In the process of upgrading my workstation to use VS2019, and all went smoothly with VGDB except I can’t find the windows that are listed in the view menu dropdown in VS2017 (e.g. memory explorer). I haven’t extensively checked past compiling/debugging
Unfortunately, it’s hard to say what is going on without knowing more details.
Please describe exactly what you are doing after your start Visual Studio, what you expect to see and what you actually observe (see our error reporting tips).
Please also attach a screenshot of the entire VS window showing the loaded project in Solution Explorer and the missing menu commands and we will help you understand what is going on.

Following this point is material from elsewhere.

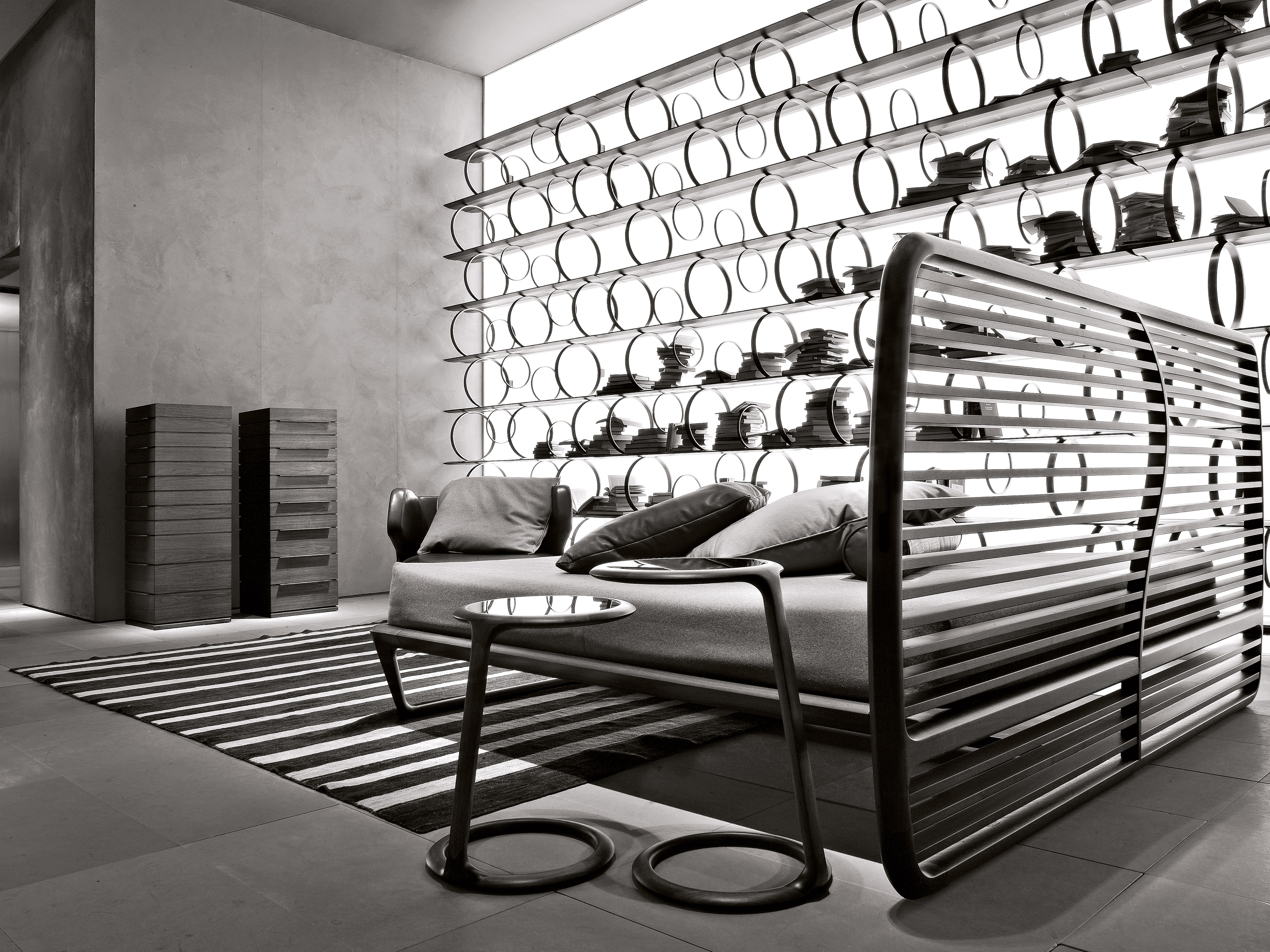 Золотая клетка была создана в 2007 году в результате плодотворного сотрудничества с дизайнером Винченцо Де Котиисом. Благодаря своим массивным криволинейным формам и латунной отделке книжный шкаф вдохновлен славными 1920-ми годами, напоминая настроение начала 20-го века. Икона дизайна, подчеркивающая непревзойденное мастерство и производственный опыт компании. Современная классика, которая по-новому интерпретирует концепцию книжного шкафа, излучая свое очарование в любой обстановке. Доступный в двух разных размерах, он изготовлен из латунных стержней диаметром 10 мм, сваренных и обработанных щеткой полностью вручную. Почти «домашняя скульптура», выставленная в центре комнаты. В то же время он еще и функционален. Фактически, как следует из названия, «Золотая клетка» предназначена для защиты наших самых ценных вещей.

Apologies, I had the incorrect project selected as startup in VS2019 -.-
While searching for the solution to this, I did however find that in neither version can I find a way to open the general disassembly view without stepping into a libc function (e.g. sprintf) during debugging? This is with an embedded project
Correction, these views are only available while in a debug session (I’m really blind today…). Any particular reason for this? (disassembly can be quite useful for general analysis)
The reason is the Visual Studio design. The regular disassembly window is a part of the debugging GUI and only appears during debug sessions.
To view the disassembly outside a debug session, please use the disassembly view in VisualGDB’s embedded memory explorer. It works independently from Visual Studio’s disassembly interfaces and was added exactly for this use case.